[Date Prev][Date Next] [Thread Prev][Thread Next] [Date Index] [Thread Index]

Re: I/O Wait and CPU Usage



On Sat, 2007-05-12 at 13:59 -0400, Grok Mogger wrote:
> Karl E. Jorgensen wrote:
> > On Fri, May 11, 2007 at 07:43:50PM -0400, Grok Mogger wrote:
> >> In this interpretation, "wa" is really like "blocked" CPU time. 
> >>  The CPU has processes that are not really doing anything, 
> >> because they are waiting on slow hard disks and network I/O, 
> >> *but* these waiting processes still prevent that much CPU from 
> >> being used.
> > 
> > A couple of experiments:
> > 
> >     # dd if=/dev/hda of=/dev/null
> > 
> > is obviously IO-bound. wa% goes sky-high, idle% goes toward zero.
> > 
> >     $ while true ; do 
> >     : 
> >     done
> > 
> > is cpu-bound. us% goes high, wa%, id% and ni% goes towards zero.
> > 
> > Finally, run both at the same time. Result: us% goes high, everthing 
> > else goes towards zero.

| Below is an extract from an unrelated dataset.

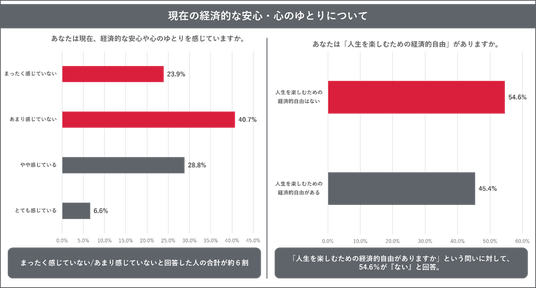 現在の「経済的な安心や心のゆとり」について尋ねたところ、「あまり感じていない」「まったく感じていない」と回答した人は合計で約6割に達しました。また、「人生を楽しむための経済的自由がありますか」という問いに対しては、54.6%が『ない』と回答。

This matches interpretation A, not B.
> > 
> > Hope this helps
> > 
> 
> Thanks, that's rather ingenious!  And it does help a lot.
> 
> If anyone else has any comments, I'd love to hear them. 
> Particularly if you have some reason why you think 
> Interpretation B is correct, since A seems to be the winner.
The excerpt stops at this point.